## Dataset content
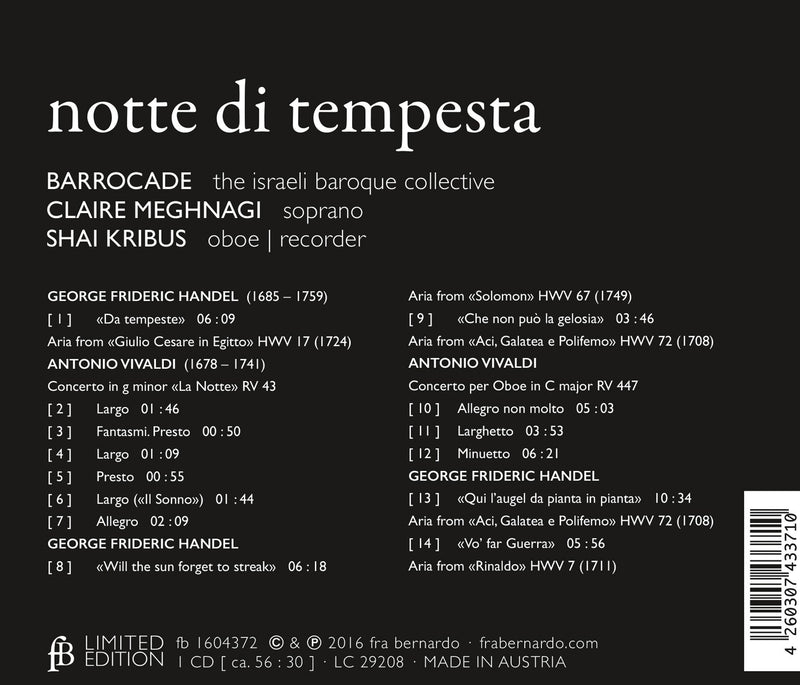 Fra BernardoHandel & Vivaldi: Notte di tempestaVirtuosity was as intricate issue in the late Baroque period. On one hand, the public attending the concert demanded to be overwhelmed...
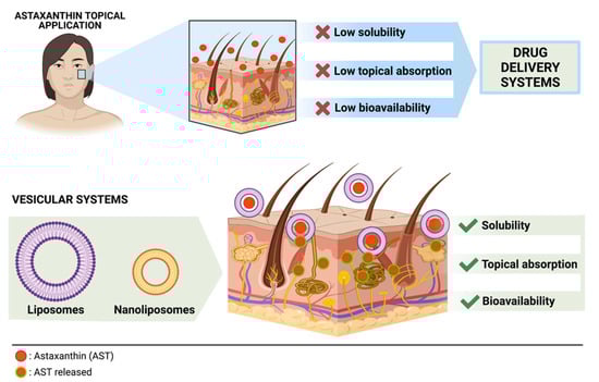 Disadvantages of the topical administration of AST and the use of delivery systems to improve the properties of the molecule, favoring skin absorption. Below: a schematic representation of vesicular systems (liposomes and nanoliposomes) acting as delivery systems for AST. Created with BioRender.com (accessed on 17 August 2021).
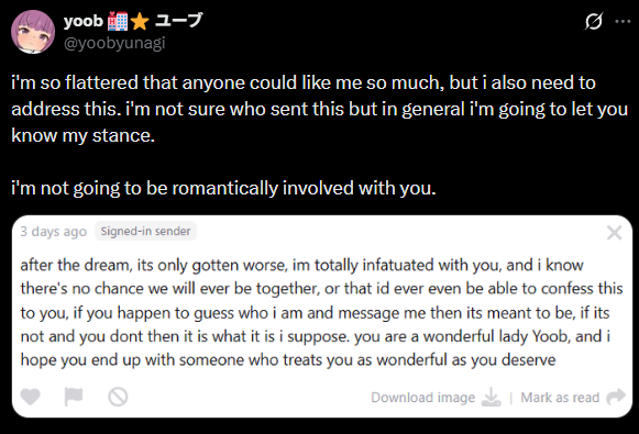 >>109484963>she doesn't want to date vtuber asmr fansMy opinion of her went up
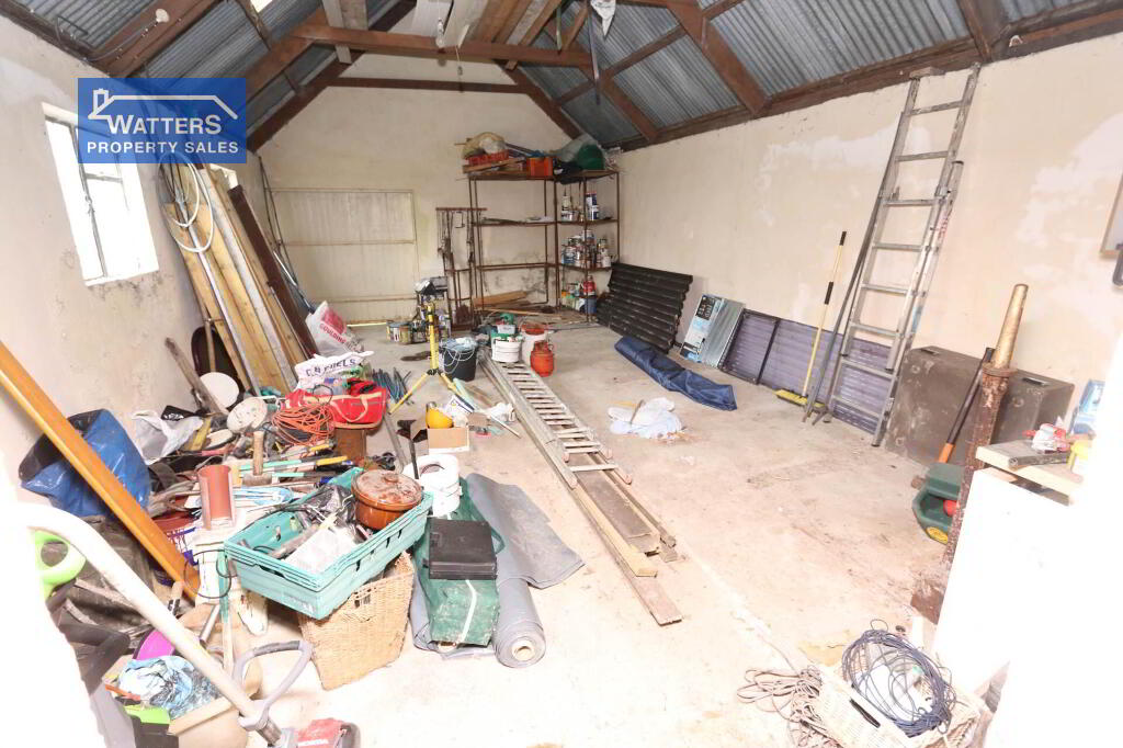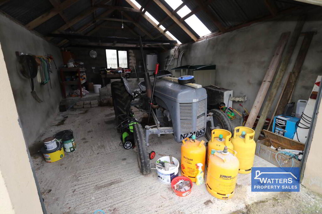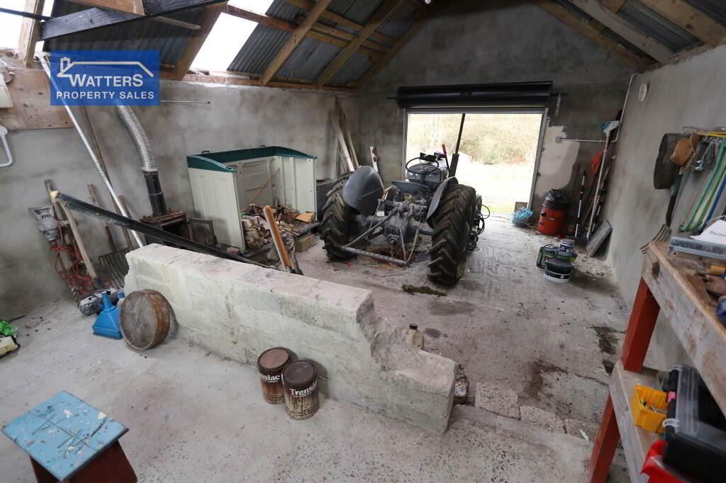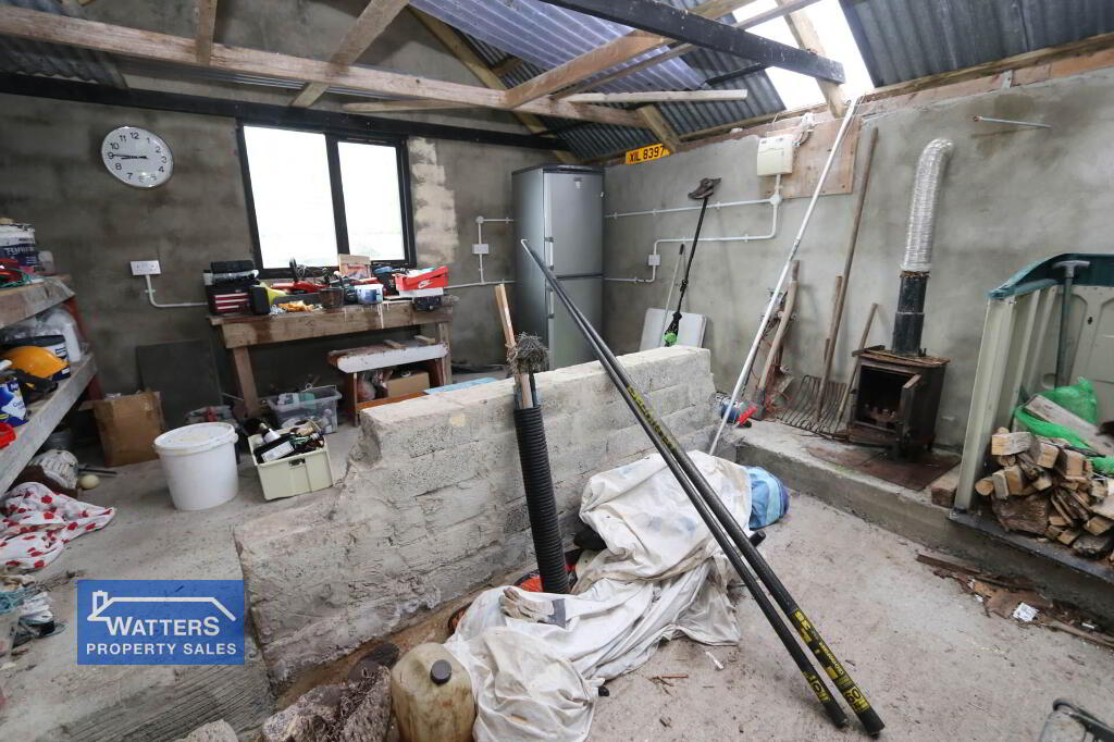 Outside, the property is accessed via stone driveway that offers parking for multiple vehicles, there is a garage/ workshop with a wood burning stove and roller door. There is a further shed with a store which would be prime for stables or hobby farming with direct access to the lands.

## What you are asked to do
The data above needs to be retyped exactly, with the images left out.

## Worked solution
 Fra BernardoHandel & Vivaldi: Notte di tempestaVirtuosity was as intricate issue in the late Baroque period. On one hand, the public attending the concert demanded to be overwhelmed...
 Disadvantages of the topical administration of AST and the use of delivery systems to improve the properties of the molecule, favoring skin absorption. Below: a schematic representation of vesicular systems (liposomes and nanoliposomes) acting as delivery systems for AST. Created with BioRender.com (accessed on 17 August 2021).
 >>109484963>she doesn't want to date vtuber asmr fansMy opinion of her went up
 Outside, the property is accessed via stone driveway that offers parking for multiple vehicles, there is a garage/ workshop with a wood burning stove and roller door. There is a further shed with a store which would be prime for stables or hobby farming with direct access to the lands.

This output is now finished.